If a line in the data holds "have", copy that line out in full.

Records from a data source
BEGIN

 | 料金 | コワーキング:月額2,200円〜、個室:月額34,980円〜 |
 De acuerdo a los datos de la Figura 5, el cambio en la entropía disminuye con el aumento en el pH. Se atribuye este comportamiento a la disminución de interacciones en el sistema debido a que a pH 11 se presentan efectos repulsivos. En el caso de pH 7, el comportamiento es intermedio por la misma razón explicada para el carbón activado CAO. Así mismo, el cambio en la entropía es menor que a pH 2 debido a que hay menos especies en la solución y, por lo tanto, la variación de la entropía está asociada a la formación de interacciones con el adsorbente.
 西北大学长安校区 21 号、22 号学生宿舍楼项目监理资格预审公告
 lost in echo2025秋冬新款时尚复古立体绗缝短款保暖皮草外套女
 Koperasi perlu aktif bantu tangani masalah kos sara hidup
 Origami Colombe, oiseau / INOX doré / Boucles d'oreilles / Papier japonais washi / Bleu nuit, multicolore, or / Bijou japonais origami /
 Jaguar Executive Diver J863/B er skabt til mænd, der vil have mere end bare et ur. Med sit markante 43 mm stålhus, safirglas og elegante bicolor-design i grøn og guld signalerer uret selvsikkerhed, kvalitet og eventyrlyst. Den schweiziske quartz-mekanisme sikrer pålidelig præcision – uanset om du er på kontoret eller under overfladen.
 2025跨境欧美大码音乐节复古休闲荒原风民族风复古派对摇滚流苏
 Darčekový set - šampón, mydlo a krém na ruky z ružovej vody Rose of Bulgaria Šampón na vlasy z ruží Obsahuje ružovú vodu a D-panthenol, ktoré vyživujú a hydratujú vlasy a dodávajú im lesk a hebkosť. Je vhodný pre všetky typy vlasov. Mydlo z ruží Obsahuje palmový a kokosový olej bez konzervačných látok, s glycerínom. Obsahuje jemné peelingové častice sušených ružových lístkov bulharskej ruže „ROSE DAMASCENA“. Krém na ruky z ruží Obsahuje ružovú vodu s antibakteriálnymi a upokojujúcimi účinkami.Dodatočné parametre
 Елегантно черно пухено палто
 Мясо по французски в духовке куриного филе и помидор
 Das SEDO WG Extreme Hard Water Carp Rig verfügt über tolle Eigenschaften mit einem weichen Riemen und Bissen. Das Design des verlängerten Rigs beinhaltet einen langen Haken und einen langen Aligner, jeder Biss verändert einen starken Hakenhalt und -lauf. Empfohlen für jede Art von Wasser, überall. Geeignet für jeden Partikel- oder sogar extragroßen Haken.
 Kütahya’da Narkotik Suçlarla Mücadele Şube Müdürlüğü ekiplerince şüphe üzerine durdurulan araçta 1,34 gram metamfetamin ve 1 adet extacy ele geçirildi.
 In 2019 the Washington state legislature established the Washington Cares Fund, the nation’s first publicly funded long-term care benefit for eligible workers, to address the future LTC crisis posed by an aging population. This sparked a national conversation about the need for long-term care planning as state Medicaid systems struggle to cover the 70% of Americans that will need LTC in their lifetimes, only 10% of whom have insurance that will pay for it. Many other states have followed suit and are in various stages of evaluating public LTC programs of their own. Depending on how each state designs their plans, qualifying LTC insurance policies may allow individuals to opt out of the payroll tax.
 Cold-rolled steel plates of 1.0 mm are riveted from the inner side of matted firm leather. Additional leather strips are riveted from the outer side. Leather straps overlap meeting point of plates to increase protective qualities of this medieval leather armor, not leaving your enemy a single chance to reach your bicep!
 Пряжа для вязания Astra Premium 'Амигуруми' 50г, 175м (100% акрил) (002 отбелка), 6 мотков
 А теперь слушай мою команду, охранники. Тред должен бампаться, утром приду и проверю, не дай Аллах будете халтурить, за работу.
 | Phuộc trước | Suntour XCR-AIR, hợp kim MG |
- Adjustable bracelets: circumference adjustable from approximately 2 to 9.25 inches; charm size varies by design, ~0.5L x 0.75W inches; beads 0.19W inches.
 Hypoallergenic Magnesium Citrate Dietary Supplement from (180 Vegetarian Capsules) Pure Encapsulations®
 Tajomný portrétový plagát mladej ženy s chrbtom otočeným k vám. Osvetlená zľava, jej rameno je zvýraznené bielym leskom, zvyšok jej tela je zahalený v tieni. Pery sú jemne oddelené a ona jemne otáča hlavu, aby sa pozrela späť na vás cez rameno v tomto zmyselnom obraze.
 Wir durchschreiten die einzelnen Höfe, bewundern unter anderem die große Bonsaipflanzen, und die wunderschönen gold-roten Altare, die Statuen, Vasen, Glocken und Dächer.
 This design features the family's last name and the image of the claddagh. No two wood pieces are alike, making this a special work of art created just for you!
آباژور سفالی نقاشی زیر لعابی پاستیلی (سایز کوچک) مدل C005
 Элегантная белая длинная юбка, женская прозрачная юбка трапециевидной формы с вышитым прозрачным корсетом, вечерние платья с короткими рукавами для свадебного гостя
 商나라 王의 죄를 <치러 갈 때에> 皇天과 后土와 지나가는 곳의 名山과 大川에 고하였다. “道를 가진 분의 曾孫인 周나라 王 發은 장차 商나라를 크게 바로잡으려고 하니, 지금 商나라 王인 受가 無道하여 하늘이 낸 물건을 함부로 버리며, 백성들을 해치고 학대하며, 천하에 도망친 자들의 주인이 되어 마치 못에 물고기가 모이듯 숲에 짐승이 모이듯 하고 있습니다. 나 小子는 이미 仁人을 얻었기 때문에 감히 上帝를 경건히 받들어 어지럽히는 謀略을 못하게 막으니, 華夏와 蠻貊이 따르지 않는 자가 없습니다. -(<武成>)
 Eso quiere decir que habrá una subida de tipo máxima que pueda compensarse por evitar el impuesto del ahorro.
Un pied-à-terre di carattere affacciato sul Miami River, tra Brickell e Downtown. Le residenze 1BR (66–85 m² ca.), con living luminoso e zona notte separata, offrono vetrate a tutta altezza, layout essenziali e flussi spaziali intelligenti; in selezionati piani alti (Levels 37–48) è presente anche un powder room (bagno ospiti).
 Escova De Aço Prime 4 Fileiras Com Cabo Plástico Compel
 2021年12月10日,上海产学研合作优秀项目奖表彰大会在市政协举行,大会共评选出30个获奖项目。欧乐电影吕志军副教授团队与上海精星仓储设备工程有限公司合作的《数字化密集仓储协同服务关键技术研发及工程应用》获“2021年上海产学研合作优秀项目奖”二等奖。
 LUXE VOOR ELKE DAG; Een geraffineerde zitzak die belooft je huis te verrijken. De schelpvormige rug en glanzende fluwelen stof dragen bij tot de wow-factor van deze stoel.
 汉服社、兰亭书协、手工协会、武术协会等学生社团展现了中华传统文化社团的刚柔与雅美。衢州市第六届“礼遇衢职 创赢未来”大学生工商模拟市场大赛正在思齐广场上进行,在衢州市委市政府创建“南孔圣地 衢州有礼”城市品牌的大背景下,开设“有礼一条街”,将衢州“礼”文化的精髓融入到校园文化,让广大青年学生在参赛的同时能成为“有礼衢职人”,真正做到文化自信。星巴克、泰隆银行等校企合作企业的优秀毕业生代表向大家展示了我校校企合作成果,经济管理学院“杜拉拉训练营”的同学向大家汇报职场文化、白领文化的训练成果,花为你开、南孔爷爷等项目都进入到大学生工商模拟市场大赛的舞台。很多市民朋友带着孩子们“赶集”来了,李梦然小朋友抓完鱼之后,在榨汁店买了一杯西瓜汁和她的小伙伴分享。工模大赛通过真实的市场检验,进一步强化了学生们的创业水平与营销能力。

END

◆ **Response**
 Jaguar Executive Diver J863/B er skabt til mænd, der vil have mere end bare et ur. Med sit markante 43 mm stålhus, safirglas og elegante bicolor-design i grøn og guld signalerer uret selvsikkerhed, kvalitet og eventyrlyst. Den schweiziske quartz-mekanisme sikrer pålidelig præcision – uanset om du er på kontoret eller under overfladen.
 In 2019 the Washington state legislature established the Washington Cares Fund, the nation’s first publicly funded long-term care benefit for eligible workers, to address the future LTC crisis posed by an aging population. This sparked a national conversation about the need for long-term care planning as state Medicaid systems struggle to cover the 70% of Americans that will need LTC in their lifetimes, only 10% of whom have insurance that will pay for it. Many other states have followed suit and are in various stages of evaluating public LTC programs of their own. Depending on how each state designs their plans, qualifying LTC insurance policies may allow individuals to opt out of the payroll tax.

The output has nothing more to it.